Project Title: Tracing scales: Rethinking biodiversity conservation and naturalcultural heritage in times of crisis through Lepidoptera conservation in Oxford.
This doctoral research project explores how different modalities of moth and butterfly - Lepidoptera - conservation in Oxfordshire can reconfigure ideas of biodiversity, scale, and naturalcultural heritage in the context of the current ecological crisis. Oxford is home to the world’s oldest pinned insect and several vibrant Lepidoptera conservation communities. Through multispecies ethnographic fieldwork with museum collections, citizen science networks, and digital conservation platforms, this project will examine how different agents - curators, volunteers, scientists, and moths and butterflies themselves - navigate and co-construct shifting meanings and practices of ‘conservation’. In so doing, this research aims to trace how these human and more-than-human encounters generate new forms of environmental knowledge, participation, and memory, while rethinking the role of naturalcultural heritage in multispecies futures.
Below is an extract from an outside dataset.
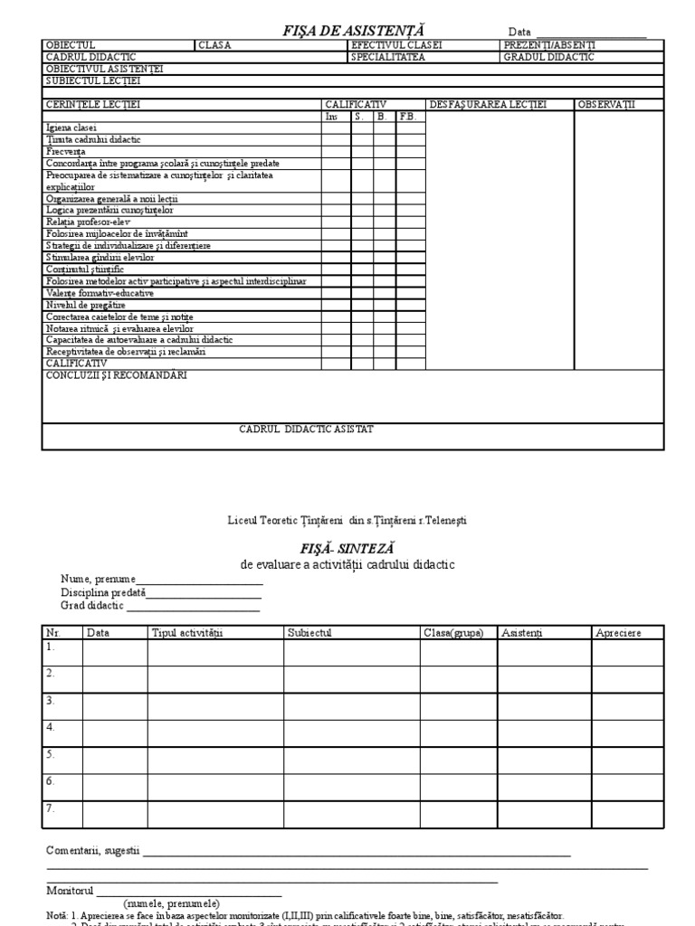 Doc Model Fisa De Asistenta La Oră Vica Bejan Academia Edu

Marlowe is an anthropologist and social researcher currently reading for a DPhil in Anthropology at the University of Oxford, funded by the ESRC Grand Union DTP and St John’s College. His research focuses on forms of conservation, heritage, and multispecies relationality, grounded in ethnographic engagement with natural history and biodiversity conservation practices.
He completed a BSc and MRes in Anthropology at UCL, graduating with First-Class Honours and Distinction, respectively. In 2020, he received the Rosa Morison Prize for achieving the highest overall grade in his cohort, was named to the Social and Historical Sciences’ Dean’s List in 2021, and in 2022 was awarded the Anna Sturm Law Fieldwork Prize for his MRes research on the sonic heritage and sustainability of steel pan in Trinidad and Tobago. His postgraduate studies were supported by the UCL Alumni Scholarship.
Beyond academia, Marlowe has worked across research, archiving and project management with organisations including Notting Hill Carnival, Google Arts & Culture, and the UCL Multimedia Anthropology Lab (UCL MAL). His broader interests include material culture, performance and sound studies, digital ethnography, and developing collaborative, cross-disciplinary methods.